A laborer at the Furukawa Plantaciones C.A. company, province of Santo Domingo de los Tsachilas, Ecuador. Photo Credit: Courtesy of Comité de Solidaridad Furukawa Nunca Más.

Society Ecuador18. February 2021

Legal Milestone: Slavery DOES Exist, and This Country Is Doing Something About It!

After undergoing modern-day slavery, 123 Afro-Ecuadorian former workers have decided to fight for their rights, and they are now entitled to compensation for their mistreatment and years of servitude.

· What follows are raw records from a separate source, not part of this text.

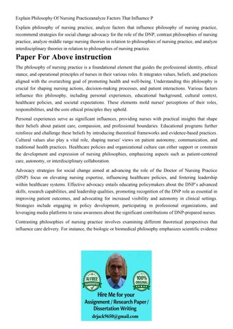 Explain Philosophy Of Nursing Practiceanalyze Factors That I
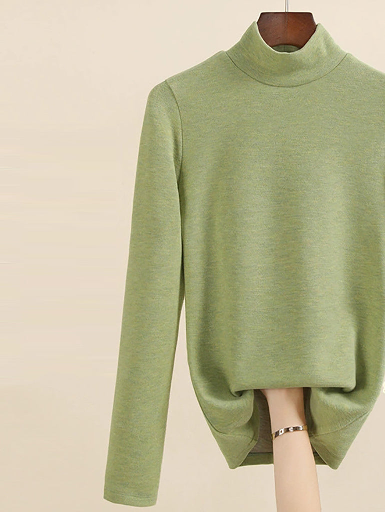 Women Autumn Casual Warm Mid Collar Base Blouse
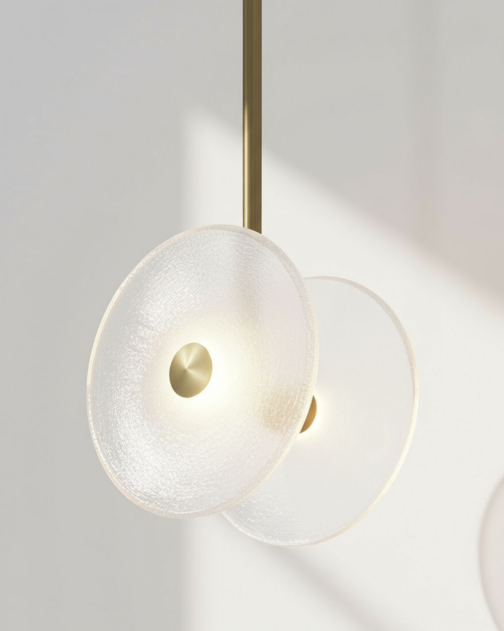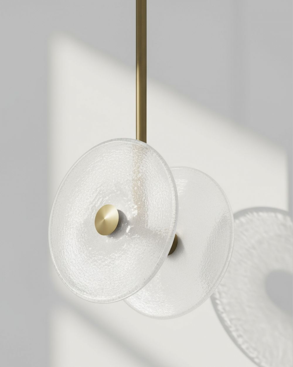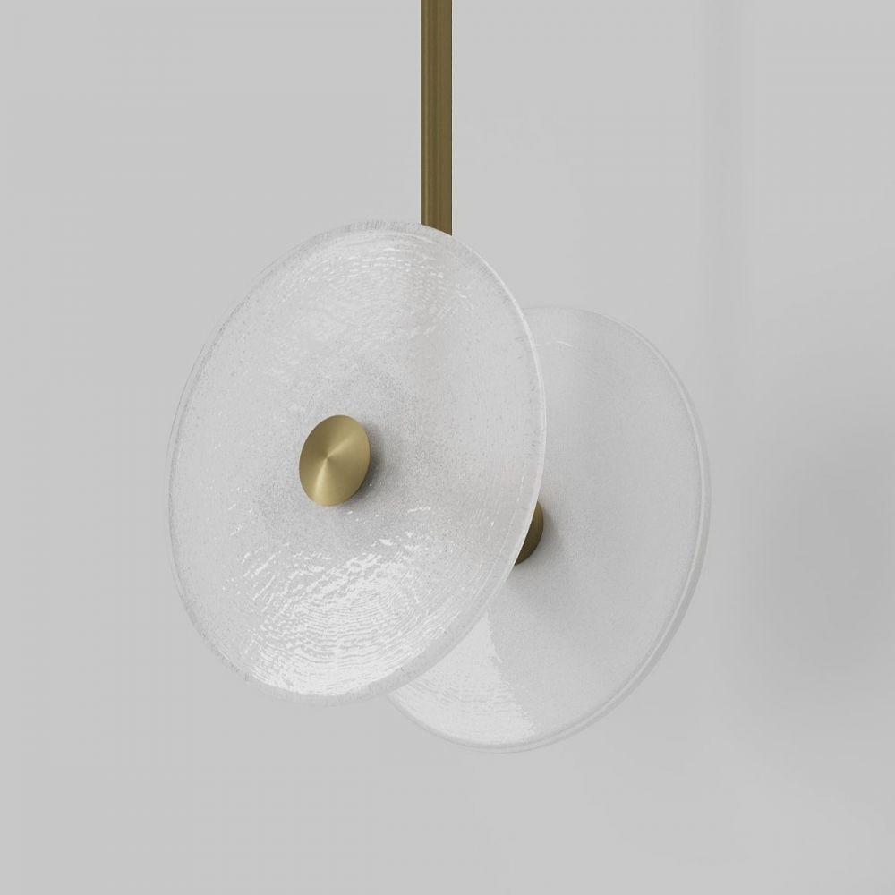 «Милфорд» — это слоеный пирог из света и стекла. Два прозрачных диска, нанизанных на латунный стержень, создают эффект парения. Они не перегружают пространство, не собирают пыль, не требуют ухода. Просто свет, стекло и металл в идеальном равновесии.
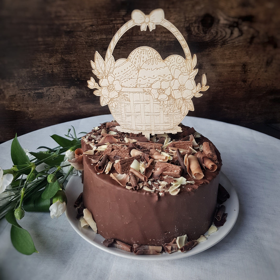 Wooden Easter Cake Topper, Easter Basket Design, Rustic Cake Decoration
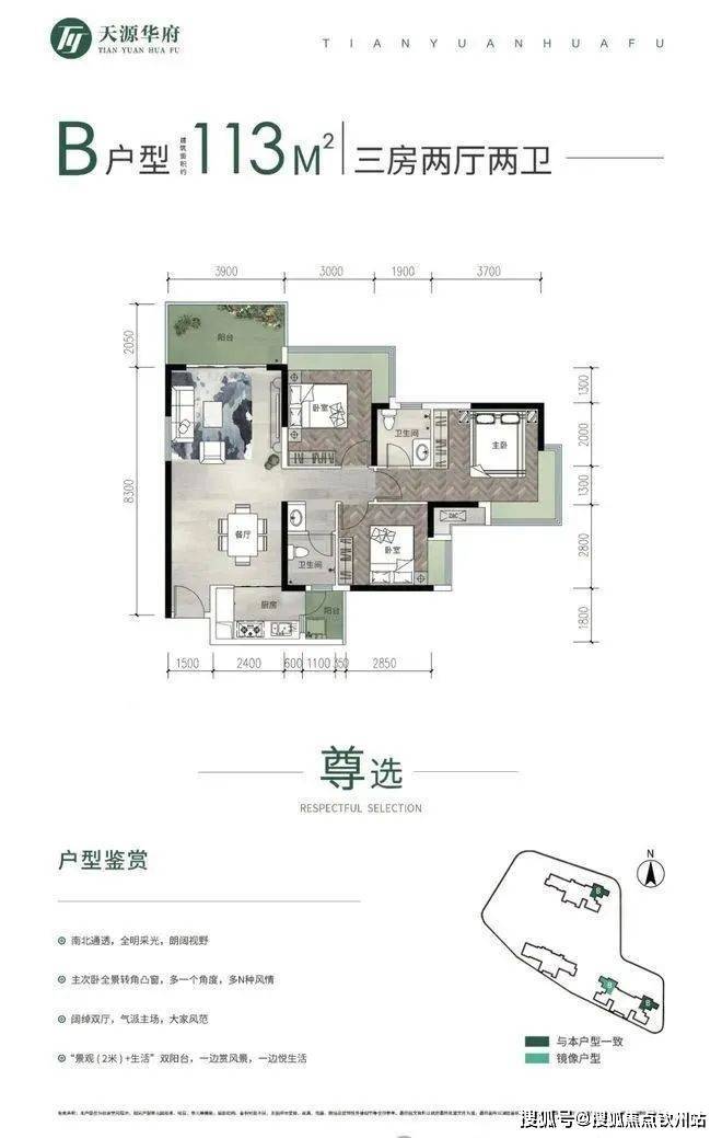 110平三房两卫,西南向,东北向都有:折后约921-1044万
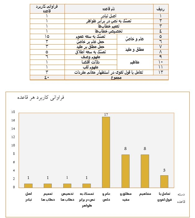 جدول فراوانی قواعد اصولی مورد استفاده در سِرُّ الإسراء
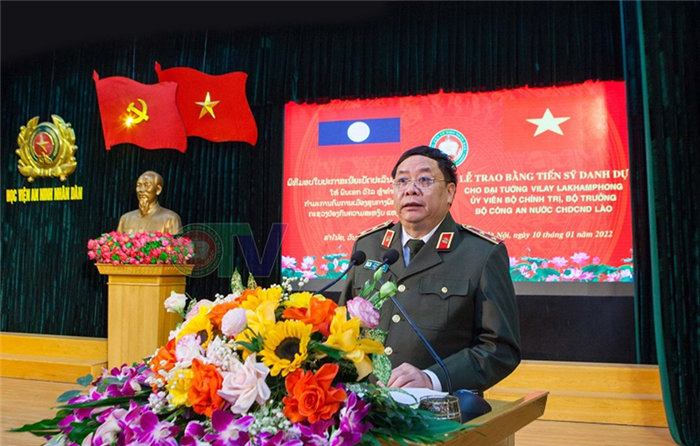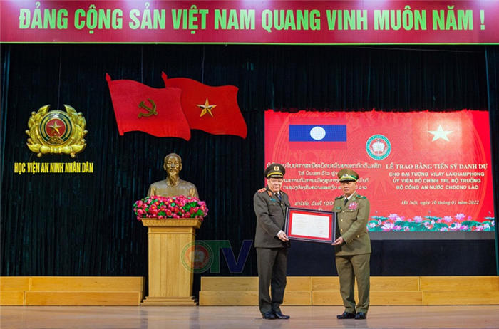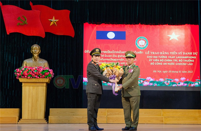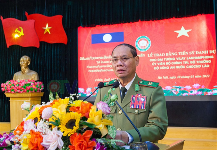 Sáng ngày 10/01/2022, tại Hà Nội, Học viện An ninh nhân dân Việt Nam đã long trọng tổ chức Lễ trao bằng tiến sĩ danh dự cho đồng chí Đại tướng Vi-lay Lạ-khăm-phong, Ủy viên Bộ Chính trị, Bộ trưởng Bộ Công an nước CHDCND Lào.
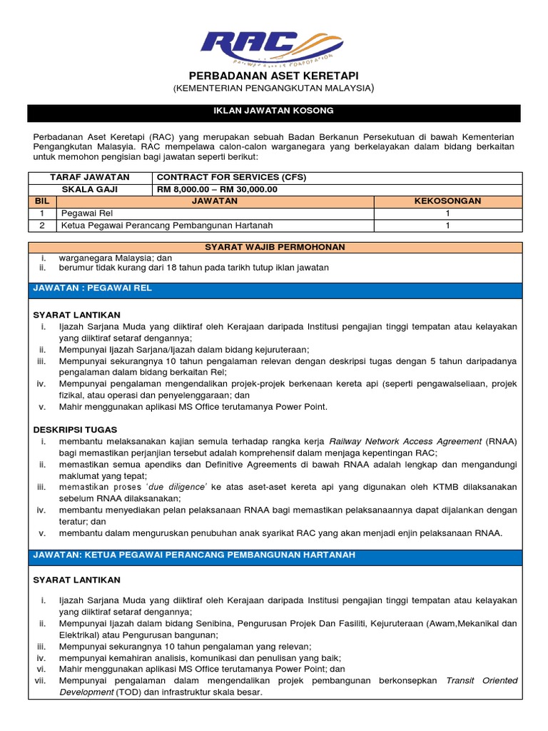 Jawatan Kosong Perbadanan Aset Kereta Api 2019 / Jawatan kosong kerajaan januari februari 2021, jawatan kosong swasta 2021, jawatan kosong terkini 2021, kerja kosong 2021, jobs malaysia 2021, ohjobs.
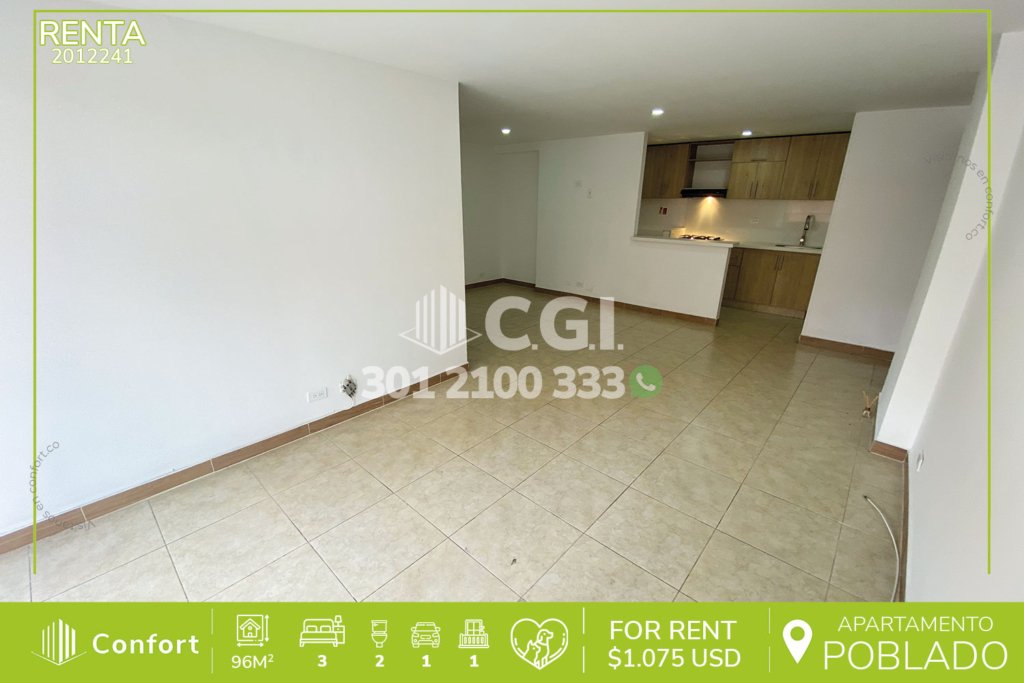 20-12-241 Inmobiliaria en Medellín arrienda apartamento ubicado en el sector de Patio Bonito en El Poblado, cuenta con un área de 96 mts2 distribuidos en sala comedor amplia, cocina integral, patio con zona de ropas, balcón, 3 habitaciones, una de ellas con terraza y baño privado, baño social, parqueadero y cuarto útil. Ubicado en unidad con seguridad privada 24/7 y zonas comunes tales como piscina,...
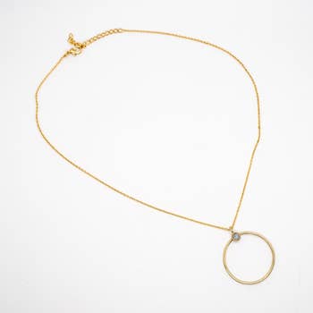 Material: Gold filled Length: 15" chain with a 1.5" extender Charm: 1" gold filled ring Made by hand in Southern California

“This is the first of its kind case that recognizes modern-day slavery involving agriculture in Ecuador,” said Alejandra Zambrano, one of the workers’ lawyers. “The judge’s decision is a historic milestone,” says Ecuador’s Ombudsman Freddy Carrion. “Both the state of Ecuador and the company are responsible, and are compelled, to provide reparations for the victims.”

The plaintiff is all ex-employees of Furukawa Plantaciones C.A., a Japanese-owned company that cultivates abaca fibre, a material used in rope, car interiors, and currency notes to name a few. The company still operates around 30 plantations covering more than 2,300 hectares in three Ecuadorian provinces. The abaca fiber is an industry that brings around $17 million to the country.

For more than 50 years, hundreds of families lived in slave-like conditions. The land on which they lived was rented. “For us, justice is not just that [the company] acknowledge the compensation and money owed to us, as the judge said, but also that they give us back our lands,” says Mayra Valdez, a plaintiff born on the Furukawa estate. “We want the state to recognize all the rights that we were denied.”